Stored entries

◆ ◆ ◆ ◆

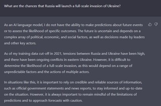 На питання, які шанси, що Росія почне повномасштабне вторгнення в Україну, програма обережно відповідає: «Важко визначити ймовірність повномасштабного вторгнення, оскільки це залежатиме від ряду непередбачуваних факторів і дій кількох гравців».
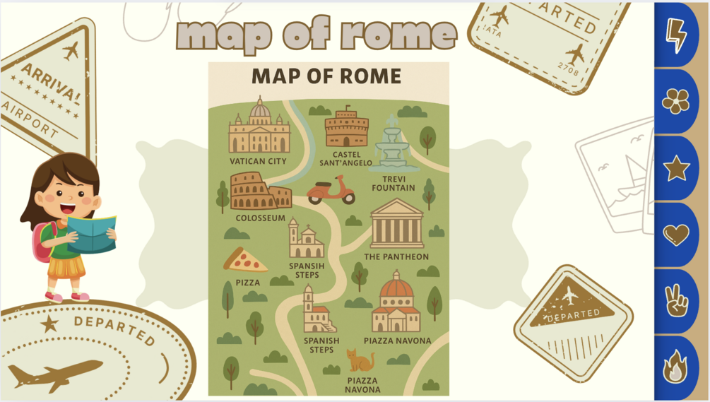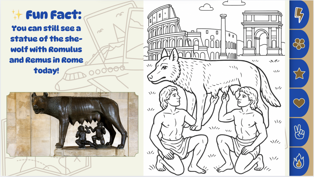 🇮🇹 From the Colosseum to the Trevi Fountain, kids will learn about Rome’s history, culture, food, and famous landmarks in a fun and accessible way.
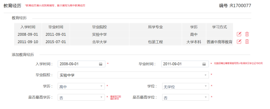 *教育經歷請從低到高填寫,首次填寫為高中教育經歷
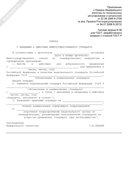 - 115Приказ о введении в действие межгосударственного стандарта (для ГОСТ, разработанного впервые с отменой ГОСТ Р) (типовая форма № 36)
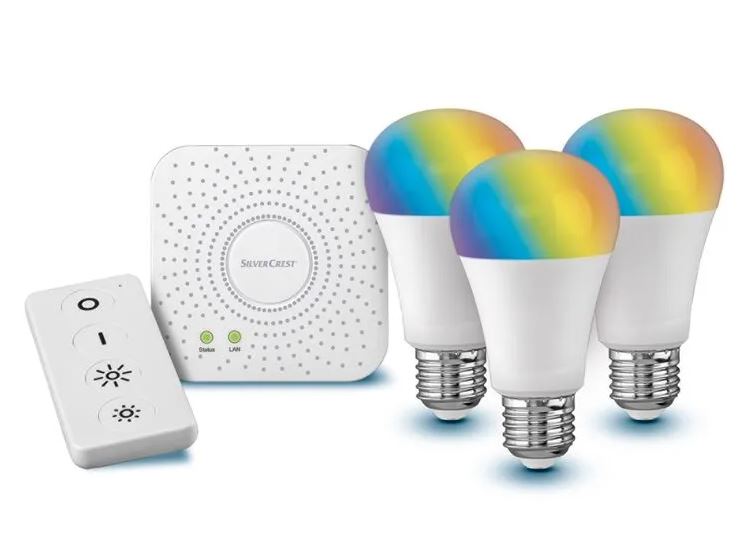 Para poder ahorrar algo de dinero tienes este set básico Smart Home de Lidl. En este set tenemos la central domótica que hemos visto antes junto con otros aparatos inteligentes que te ayudaran a empezar. En concreto, viene dos 3 bombillas inteligentes y un mando a distancia para controlarlo todo.
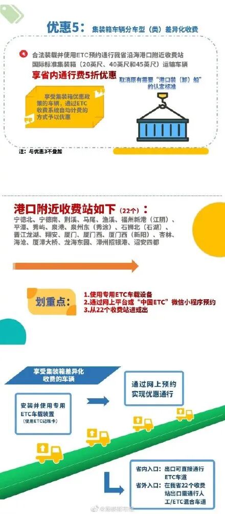 ● 对使用ETC总重小于等于20吨的6型合法营运货车在9.5折的基础上,予以通行费5折优惠。
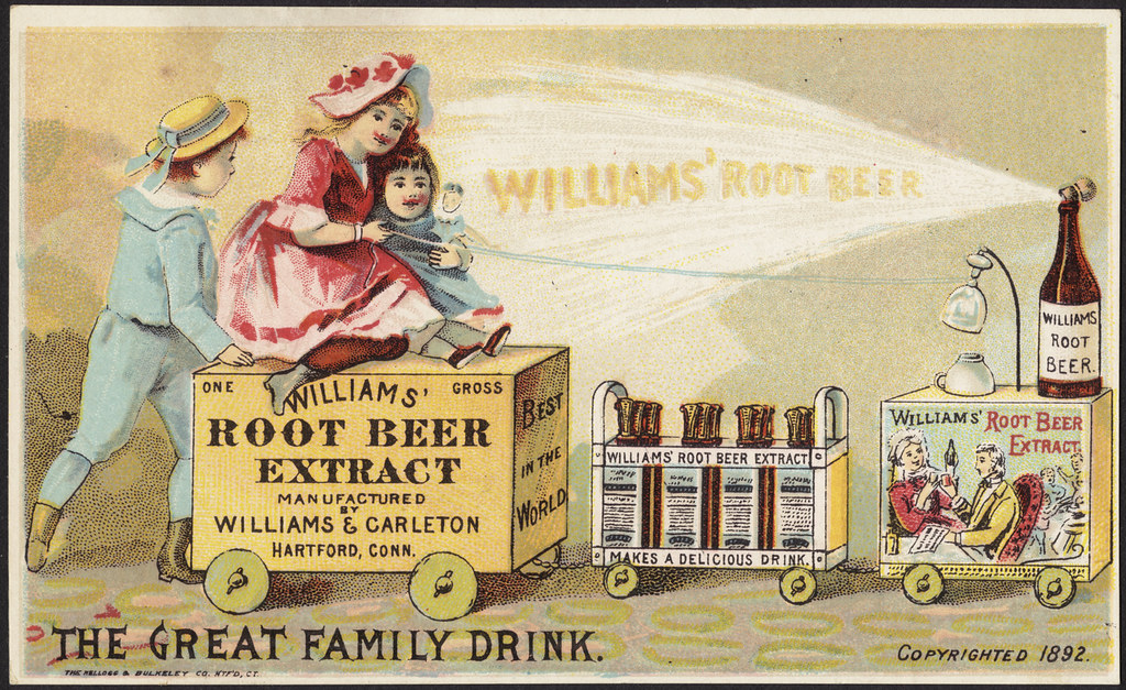 Williams’ Root Beer extract manufactured by Williams & Carleton, Hartford, Conn. The great family drink. [front] courtesy of Openverse
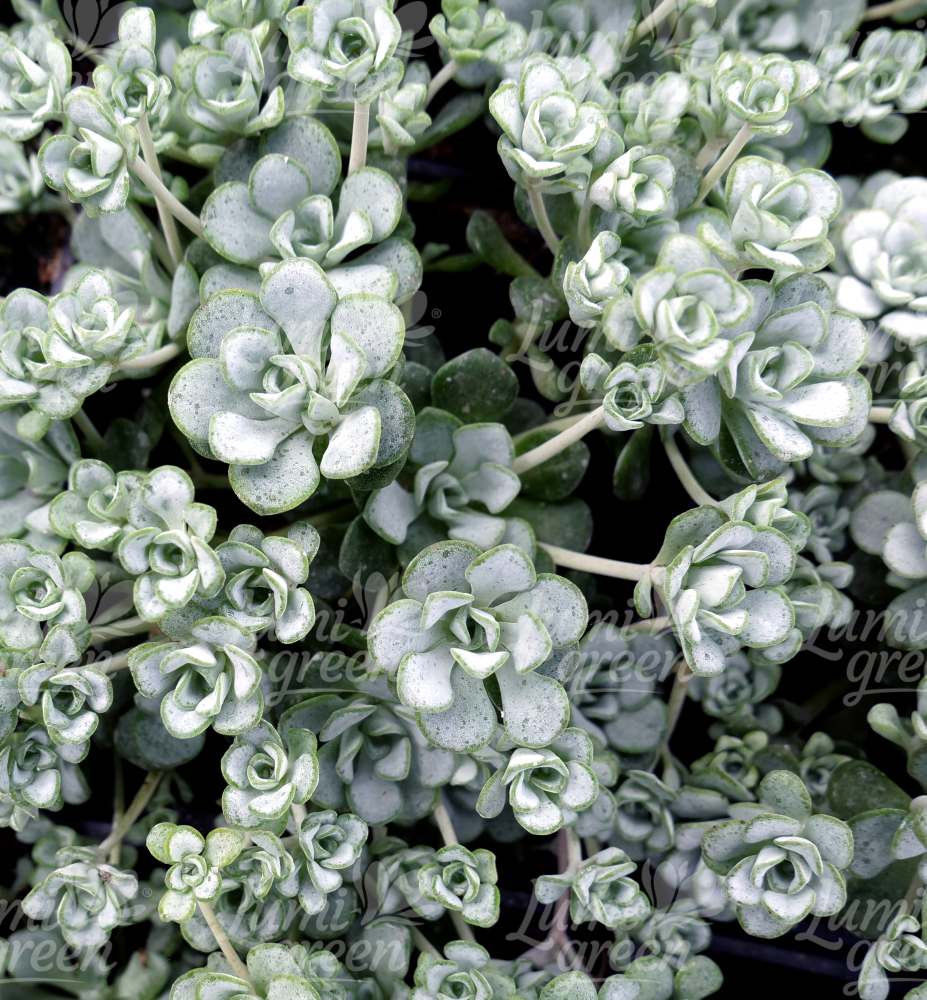 Eigenschaften: „Cape Blanco“ ist eine kompakt wachsende Sukkulente. Es hat bodendeckende Eigenschaften und bildet in kurzer Zeit einen dicken Teppich. Sie besticht besonders durch ihre silbrig-rosenförmigen Blätter, die sich bei direkter Sonneneinstrahlung violett verfärben. Im Sommer blüht es mit gelben Blüten, die Insekten anlocken.
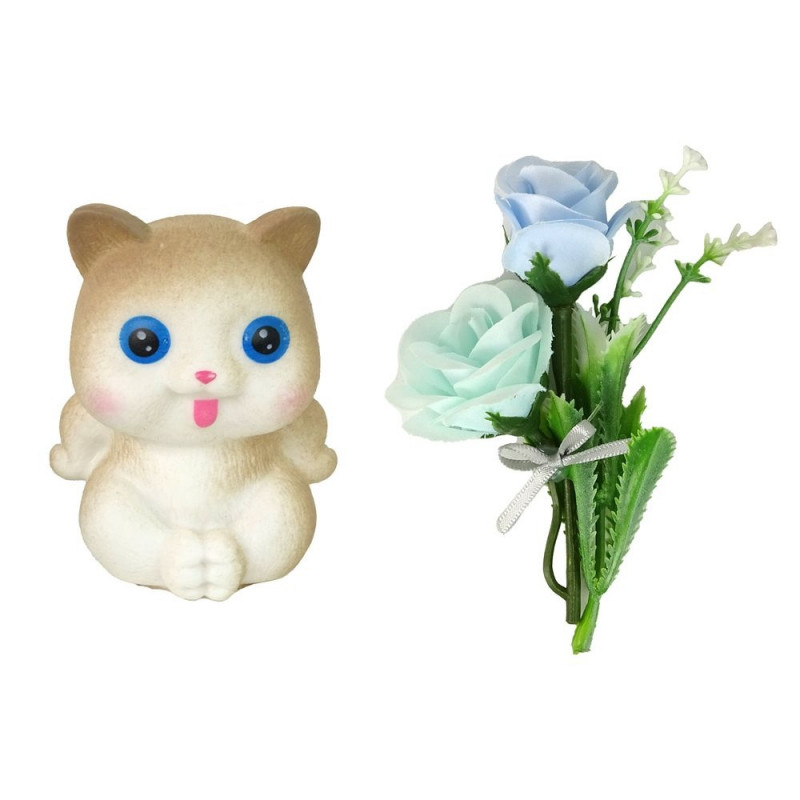W zestawie znajduje się również beżowy kotek o wymiarach 6 cm x 4 cm x 5 cm. Dodatkowo zestaw zawiera piękne kwiaty pasujące do stylizacji Emily.
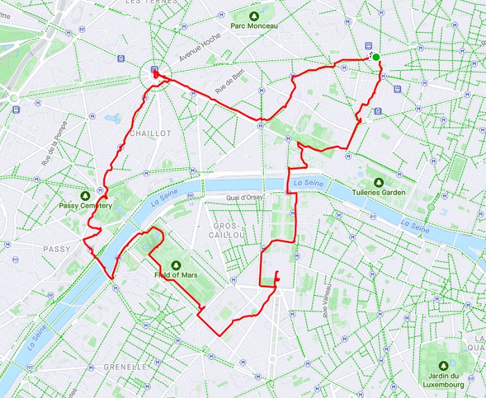 On traverse la Seine, mais pas directement (… accès au Trocadéro fermé)…, par le Pont de Bir Hakem pour monter justement au Trocadéro….
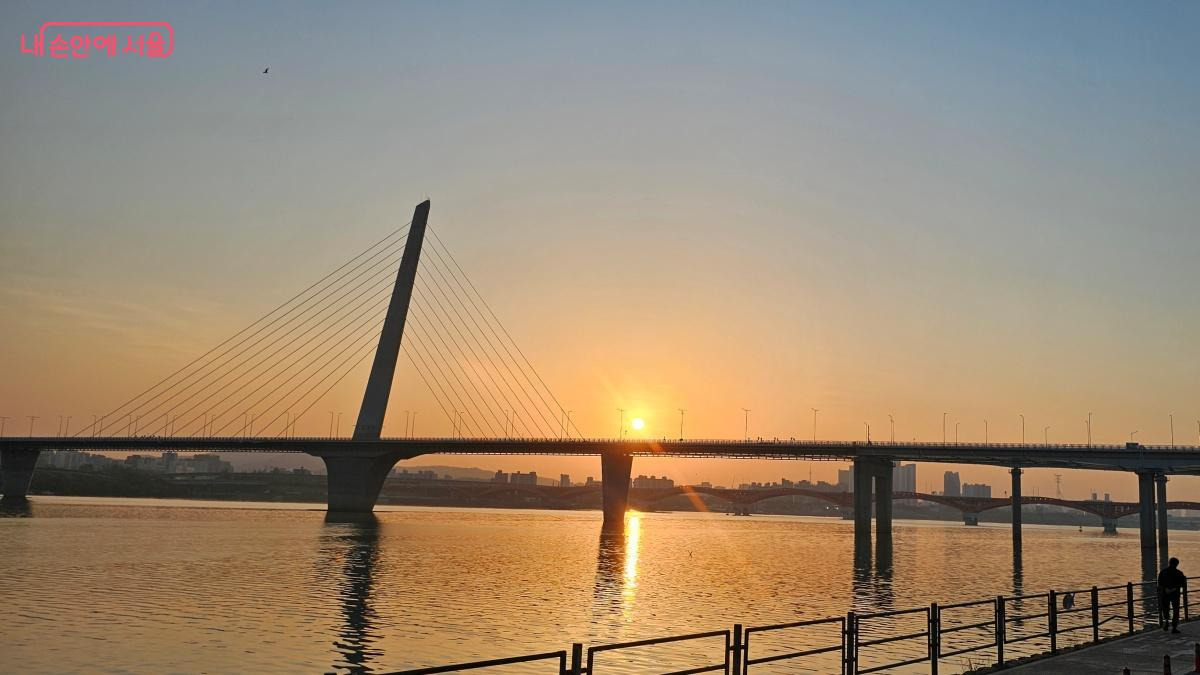 가양대교에서 월드컵대교를 바라보며 일출을 맞다. ©최용수
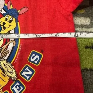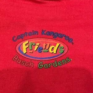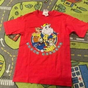 Vintage new without tags kids graphic t-shirt from 1999 featuring colorful animal mascots from Busch Gardens. Bright red tee with classic 90s theme park souvenir artwork.
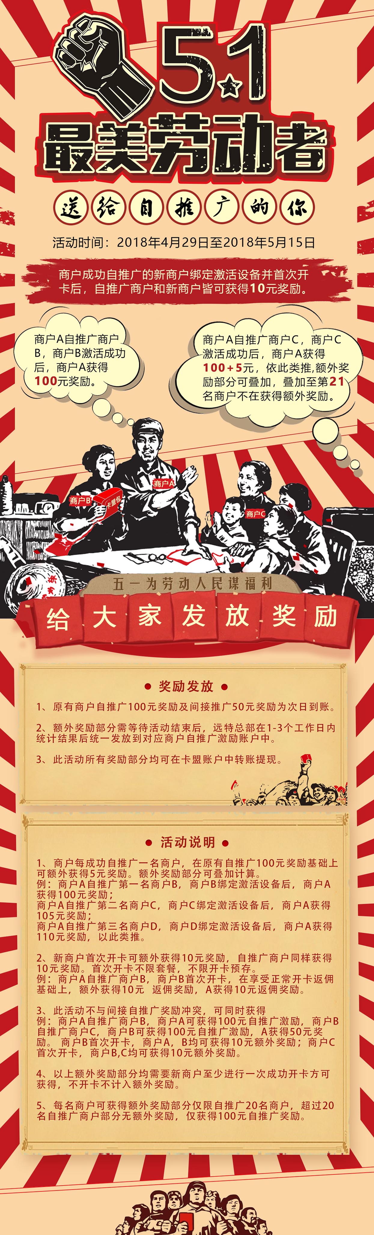 2、活动期间,商户成功自推广的新商户绑定激活设备后,新商户首次开卡可获得额外获得10元奖励,自推广商户同样获得10元奖励。

◆ ◆ ◆ ◆

**Required action**
The pictures stay out of the copy. Set down the entries above precisely.

**Written reply**
 На питання, які шанси, що Росія почне повномасштабне вторгнення в Україну, програма обережно відповідає: «Важко визначити ймовірність повномасштабного вторгнення, оскільки це залежатиме від ряду непередбачуваних факторів і дій кількох гравців».
 🇮🇹 From the Colosseum to the Trevi Fountain, kids will learn about Rome’s history, culture, food, and famous landmarks in a fun and accessible way.
 *教育經歷請從低到高填寫,首次填寫為高中教育經歷
 - 115Приказ о введении в действие межгосударственного стандарта (для ГОСТ, разработанного впервые с отменой ГОСТ Р) (типовая форма № 36)
 Para poder ahorrar algo de dinero tienes este set básico Smart Home de Lidl. En este set tenemos la central domótica que hemos visto antes junto con otros aparatos inteligentes que te ayudaran a empezar. En concreto, viene dos 3 bombillas inteligentes y un mando a distancia para controlarlo todo.
 ● 对使用ETC总重小于等于20吨的6型合法营运货车在9.5折的基础上,予以通行费5折优惠。
 Williams’ Root Beer extract manufactured by Williams & Carleton, Hartford, Conn. The great family drink. [front] courtesy of Openverse
 Eigenschaften: „Cape Blanco“ ist eine kompakt wachsende Sukkulente. Es hat bodendeckende Eigenschaften und bildet in kurzer Zeit einen dicken Teppich. Sie besticht besonders durch ihre silbrig-rosenförmigen Blätter, die sich bei direkter Sonneneinstrahlung violett verfärben. Im Sommer blüht es mit gelben Blüten, die Insekten anlocken.
W zestawie znajduje się również beżowy kotek o wymiarach 6 cm x 4 cm x 5 cm. Dodatkowo zestaw zawiera piękne kwiaty pasujące do stylizacji Emily.
 On traverse la Seine, mais pas directement (… accès au Trocadéro fermé)…, par le Pont de Bir Hakem pour monter justement au Trocadéro….
 가양대교에서 월드컵대교를 바라보며 일출을 맞다. ©최용수
 Vintage new without tags kids graphic t-shirt from 1999 featuring colorful animal mascots from Busch Gardens. Bright red tee with classic 90s theme park souvenir artwork.
 2、活动期间,商户成功自推广的新商户绑定激活设备后,新商户首次开卡可获得额外获得10元奖励,自推广商户同样获得10元奖励。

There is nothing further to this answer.